Model governance regulators are moving their focus closer and closer to the qualitative elements of a model – the model governance process. Unfortunately, the regulator also often asks the bank to explain their internal risk mitigation process without the providing the specific guidelines necessary to match the model to the bank’s methodology. 

Banks often develop their model governance framework to comply with SR 11-7, the US regulatory model governance standard. While this is good, we think it’s time to bring model inventory back to the users and provide easier usability through better portfolio overview and agility. Modern model governance framework should be a robust, easy-to-use tool that will give your bank a competitive advantage. 

At CloseIT, we help customers address the topics of inventories, storing risk parameters, team cooperation, and automation. We’ve used our collective experience to develop and introduce our own model governance product, the Model Governance Suite (MGS).

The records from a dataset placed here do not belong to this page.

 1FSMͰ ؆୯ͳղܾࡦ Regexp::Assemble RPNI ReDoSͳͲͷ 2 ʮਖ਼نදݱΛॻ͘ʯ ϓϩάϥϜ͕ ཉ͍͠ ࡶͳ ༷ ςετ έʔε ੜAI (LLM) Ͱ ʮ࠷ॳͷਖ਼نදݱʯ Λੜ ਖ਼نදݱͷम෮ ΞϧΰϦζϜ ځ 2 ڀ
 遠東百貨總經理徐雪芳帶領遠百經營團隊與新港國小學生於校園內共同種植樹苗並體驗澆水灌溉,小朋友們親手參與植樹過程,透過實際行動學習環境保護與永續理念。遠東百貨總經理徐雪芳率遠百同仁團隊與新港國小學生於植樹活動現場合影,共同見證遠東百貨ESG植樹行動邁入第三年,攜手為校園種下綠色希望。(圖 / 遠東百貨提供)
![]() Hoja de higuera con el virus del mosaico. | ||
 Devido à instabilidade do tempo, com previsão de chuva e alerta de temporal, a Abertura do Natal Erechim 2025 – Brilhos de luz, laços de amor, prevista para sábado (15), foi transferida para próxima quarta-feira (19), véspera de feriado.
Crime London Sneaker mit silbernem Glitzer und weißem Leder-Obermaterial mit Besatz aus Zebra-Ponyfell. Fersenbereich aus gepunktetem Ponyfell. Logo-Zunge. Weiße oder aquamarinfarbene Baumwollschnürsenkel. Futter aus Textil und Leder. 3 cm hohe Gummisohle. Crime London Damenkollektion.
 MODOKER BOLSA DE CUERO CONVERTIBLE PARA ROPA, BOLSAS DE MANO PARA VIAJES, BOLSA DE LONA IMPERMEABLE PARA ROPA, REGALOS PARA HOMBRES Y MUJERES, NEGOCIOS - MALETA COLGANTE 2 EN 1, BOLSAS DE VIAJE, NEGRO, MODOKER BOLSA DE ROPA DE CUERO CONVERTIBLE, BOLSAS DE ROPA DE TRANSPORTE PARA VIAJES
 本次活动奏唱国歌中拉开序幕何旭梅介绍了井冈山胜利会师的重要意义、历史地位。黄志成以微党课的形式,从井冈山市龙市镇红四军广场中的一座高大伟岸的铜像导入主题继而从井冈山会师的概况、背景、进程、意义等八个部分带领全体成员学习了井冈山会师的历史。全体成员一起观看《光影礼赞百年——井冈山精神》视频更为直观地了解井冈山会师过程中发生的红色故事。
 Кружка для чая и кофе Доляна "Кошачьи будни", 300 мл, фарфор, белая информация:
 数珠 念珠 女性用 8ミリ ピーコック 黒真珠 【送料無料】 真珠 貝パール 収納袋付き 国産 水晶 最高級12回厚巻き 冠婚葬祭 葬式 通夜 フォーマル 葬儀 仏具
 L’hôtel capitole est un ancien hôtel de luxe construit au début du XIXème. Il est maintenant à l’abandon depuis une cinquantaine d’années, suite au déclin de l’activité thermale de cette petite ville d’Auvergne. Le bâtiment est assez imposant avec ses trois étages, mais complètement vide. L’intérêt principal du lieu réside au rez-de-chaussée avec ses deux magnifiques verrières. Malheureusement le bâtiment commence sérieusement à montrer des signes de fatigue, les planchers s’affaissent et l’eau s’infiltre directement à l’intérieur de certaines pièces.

How should you start with MGS?

Let’s first assume that the MGS’s default configuration of model types and their attributes doesn’t entirely match the bank’s methodology. Our team then helps identify all model types, not just risk credit models, that are relevant and registered under the firm’s model risk management framework. 

Following that, we adjust the list of collected attributes and adjust or define workflows and specific business rules to your specifications. The next step lets model owners register all existing and planned models into the system.

Linked models

Something that the “Excel repository” can’t provide is an instant overview of the dependencies within the entire model portfolio. Models can be connected by configurable link types in order to define dependency graphs at various levels. A typical graph represents models providing input to other models - eg. an operational scorecard providing a rating to IRB models, providing input to ALM models. 

In Model Governance Suite it takes only one click to open an ALM model and see all the input models from all input layers, including their unresolved issues, and review potential model cascade risk all on one page.

Automation - only when auditable and repeatable 

There are plenty of tasks done by model risk management experts which are rather repetitive, mechanical tasks, but still consume lot of time. For example, execution of model monitoring function on regular validation data samples.

MGS is a methodology as well as a technology agnostic tool. So, define your own model monitoring function in python or R and MGS takes care of regular execution, interpreting results, and taking corresponding actions such as assigning tasks and sending warning emails. All that is strictly audited and even reproduceable - if audit asks.

Model Risk Management - automated risk scoring

MGS lets you define cross-model attributes of “risk score” and “importance”. These attributes will be regularly adjusted by a defined algorithm considering qualitative (model attributes) or quantitative data. 

Of course, in its early implementation stages, the risk score and importance can only be updated manually, but the automation can be added step by step to unload manual work from firm’s MRM experts.

Every active model is, on a daily basis, evaluated through a customisable decision tree - send email notifications, contact other systems, or create user warnings. One example of the MRM dashboard targeted to a senior management’s iPad is this report similar to following a two-dimensional projection of the model risk including trends.

Model Portfolio Map - Model Governance Suite

Your own business rules adjustable on the fly

Define a combination of attributes which isn’t relevant or assign a DQ check to particular validation data sample all using the MGS embedded business rules.

… the cornerstone of your model risk management framework is here.

Is it just a convenience or is it a necessity? 

Our new generation of a model governance tool can simplify or automate many of the daily tasks of the model risk management team. With an increasing number of models and requirements creating more work for same amount of people, the CROs are facing a difficult decision. Does the bank want:

  • the old excel inventory,

  • inventory fulfilling basic regulatory needs, OR

  • new generation model governance tool that will quickly return the initial investments?